## WHAT YOU SHOULD DO
Below are several entries. Transcribe exactly those lines that fall from the one with "This particular villa" through the one with "NUMBER FIVE ENAMEL", end lines included.

## INFORMATION PROVIDED
= Beginning of Section =

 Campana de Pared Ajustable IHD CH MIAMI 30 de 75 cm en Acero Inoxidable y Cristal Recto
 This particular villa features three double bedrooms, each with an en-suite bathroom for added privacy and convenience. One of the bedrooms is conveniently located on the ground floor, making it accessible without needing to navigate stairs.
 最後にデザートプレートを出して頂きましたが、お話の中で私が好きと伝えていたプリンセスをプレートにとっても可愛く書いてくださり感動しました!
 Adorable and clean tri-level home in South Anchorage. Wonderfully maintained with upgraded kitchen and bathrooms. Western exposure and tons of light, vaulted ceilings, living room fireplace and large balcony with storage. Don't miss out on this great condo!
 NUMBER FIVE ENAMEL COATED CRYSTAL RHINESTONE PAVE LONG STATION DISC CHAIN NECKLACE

= End of Section =
= Beginning of Section =

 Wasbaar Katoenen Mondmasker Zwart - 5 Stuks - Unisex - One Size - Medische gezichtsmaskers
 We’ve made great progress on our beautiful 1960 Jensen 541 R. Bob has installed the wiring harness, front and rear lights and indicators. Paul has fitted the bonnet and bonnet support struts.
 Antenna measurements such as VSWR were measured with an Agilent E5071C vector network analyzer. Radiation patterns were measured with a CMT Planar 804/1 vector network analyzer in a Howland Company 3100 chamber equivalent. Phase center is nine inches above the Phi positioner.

= End of Section =
= Beginning of Section =

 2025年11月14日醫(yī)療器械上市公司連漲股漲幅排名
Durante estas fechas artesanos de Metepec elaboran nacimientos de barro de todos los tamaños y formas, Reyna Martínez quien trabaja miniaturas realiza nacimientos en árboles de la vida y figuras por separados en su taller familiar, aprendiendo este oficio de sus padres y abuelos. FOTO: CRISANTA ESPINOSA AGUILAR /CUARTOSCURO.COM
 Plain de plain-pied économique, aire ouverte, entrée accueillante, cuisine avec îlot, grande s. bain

= End of Section =

## THE ANSWER
 This particular villa features three double bedrooms, each with an en-suite bathroom for added privacy and convenience. One of the bedrooms is conveniently located on the ground floor, making it accessible without needing to navigate stairs.
 最後にデザートプレートを出して頂きましたが、お話の中で私が好きと伝えていたプリンセスをプレートにとっても可愛く書いてくださり感動しました!
 Adorable and clean tri-level home in South Anchorage. Wonderfully maintained with upgraded kitchen and bathrooms. Western exposure and tons of light, vaulted ceilings, living room fireplace and large balcony with storage. Don't miss out on this great condo!
 NUMBER FIVE ENAMEL COATED CRYSTAL RHINESTONE PAVE LONG STATION DISC CHAIN NECKLACE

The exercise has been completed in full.